I still managed to taser myself with the plug. I have now fitted a proper insulated plug.

John


----------



## Longboy (Dec 18, 2015)

Yes! Good job John on troubleshooting the start up issues. We'll have Brian send you a check for a job well done!  On one of the second hand carburetors on an engine I used had the same loose throttle problem. I used a light smear of 5 minute epoxy mixed about 1: 1/2 and put it on the barrel and turned back and forth as it dried to a soft sticky. Enough to open and close by hand but engine vibs don't move it any more.Thm:    Dave


----------



## simister (Dec 18, 2015)

Thanks Dave,  today I made a throttle handle with a friction screw joined to the carby, and it works quite well. I got the idea from one of Brian's posts where he did a similar thing. The epoxy idea also sounds like a good solution.

John


----------



## gus (Dec 18, 2015)

Hi John,

A MasterPiece by a MasterCraftsMan. I am very impressed with the hand start. Your Webster beat mine hands down.


----------



## simister (Dec 18, 2015)

Thanks Gus, There are plenty of imperfections when you look closer. I am just happy that it runs.

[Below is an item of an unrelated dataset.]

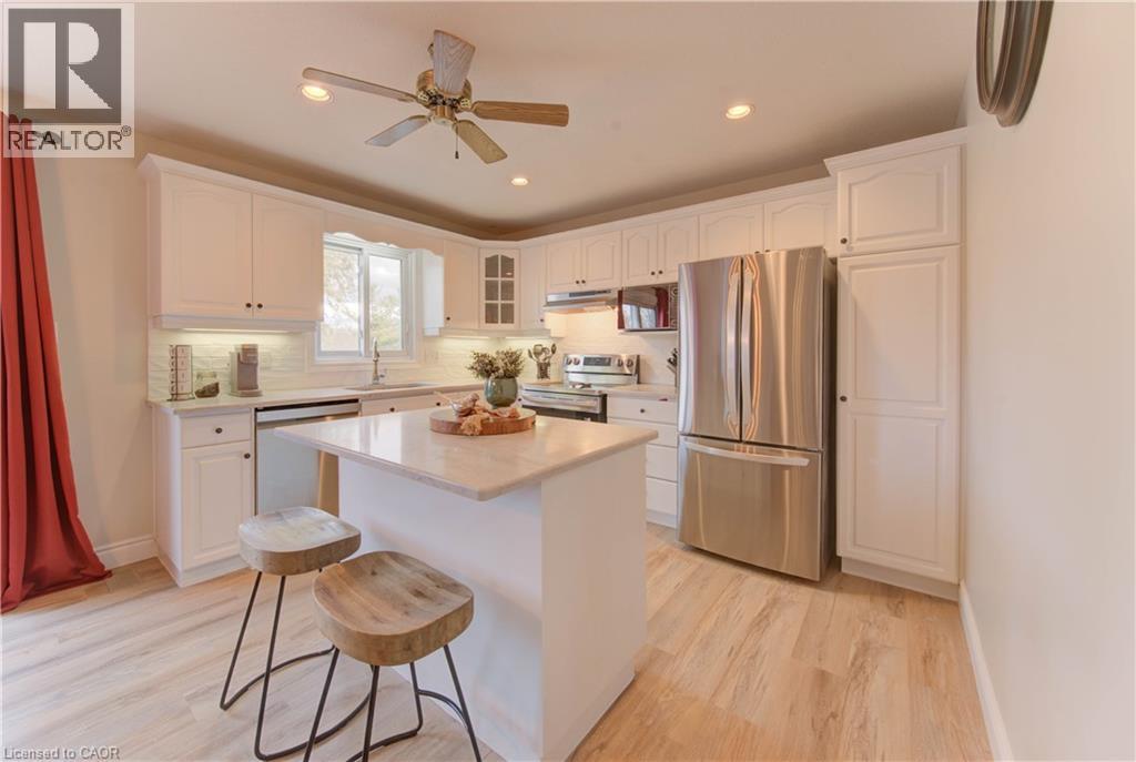 Welcome to 396 Otterbein Rd.— a spacious and beautifully updated 5-bedroom, 4-bathroom home perfect for families seeking comfort, style, and functionality. Step inside to a bright main floor featuring new luxury vinyl flooring throughout on the main level. The newly renovated kitchen shines with refreshed cabinetry, stainless steel appliances, quartz countertops and sliding doors that lead directly to the backyard that backs onto greenspace—ideal for indoor/outdoor entertaining. A front room offers flexibility as a main-floor office or formal dining room, depending on your lifestyle. The cozy living room features a gas fireplace, making it the perfect spot to unwind. This level also includes a convenient 2-piece bathroom and main-floor laundry. Upstairs, you’ll find three generously sized bedrooms, including a spacious primary suite complete with a 3-piece ensuite. A second 4-piece bathroom serves the additional upper-level bedrooms. The finished basement adds exceptional living space with two additional bedrooms, a 2pc bathroom, a comfortable rec room, cold room, and abundant storage throughout—perfect for families needing extra room to grow, host guests, or work from home. Outside, enjoy a fully fenced backyard featuring a deck and an above-ground pool, creating your own private retreat for summer relaxation. The property also offers an attached double-car garage plus parking for two vehicles on the driveway. A well-maintained, move-in-ready home with modern updates, versatile spaces, and plenty of room for the whole family—don’t miss your chance to make 396 Otterbein Rd. yours! (69983244)

I will post a photo of the throttle mod later today.

John


----------



## simister (Dec 19, 2015)

This is the modification that I did as a throttle friction control. I got the idea from Brian's post.  Works well Brian,

John


----------



## Brian Rupnow (Dec 19, 2015)

AhHa--the old "Casey Jones throttle trick"!!! It does work well. I was afraid to try the two part epoxy trick on my carburetor, as I was afraid it might glue everything up solid.  I never thought to mention the con-rod hitting the side of the cylinder where is exits through the bottom of the cylinder as a possible source of "engine knock", although it has happened to me too. In my case it was easily solved by rounding the edges of a rectangular or square con rod to give that tiny bit of clearance needed. That is a tricky one, because when modeling it in 3D cad, if you take a cross section view on the center of the con rod it will show a clearance. It doesn't take into account that the cylinder curves upward on each side of the centerline and fouls the lower corners of the rod. ---Brian


----------



## pkastagehand (Dec 19, 2015)

Brian Rupnow said:


> . That is a tricky one, because when modeling it in 3D cad, if you take a cross section view on the center of the con rod it will show a clearance. It doesn't take into account that the cylinder curves upward on each side of the centerline and fouls the lower corners of the rod. ---Brian



Should be able to move the section view off center to near edge of con rod?  Seems like most CADs will let you take a section wherever you want?  (Not that I have a ton of 3D CAD experience and none at all with Solidworks; if that's what you're using.)

Paul


----------



## Brian Rupnow (Dec 19, 2015)

pkastagehand said:


> Should be able to move the section view off center to near edge of con rod?  Seems like most CADs will let you take a section wherever you want?  (Not that I have a ton of 3D CAD experience and none at all with Solidworks; if that's what you're using.)
> 
> Paul


Yes, I could do that---If I had thought of it---


----------



## pkastagehand (Dec 19, 2015)

Brian Rupnow said:


> Yes, I could do that---If I had thought of it---



Yes, of course; Hindsight is an exact science.


----------



## simister (Dec 19, 2015)

" the old Casey Jones throttle". I used to watch that series when I was a kid.

How long can the Webster run before overheating?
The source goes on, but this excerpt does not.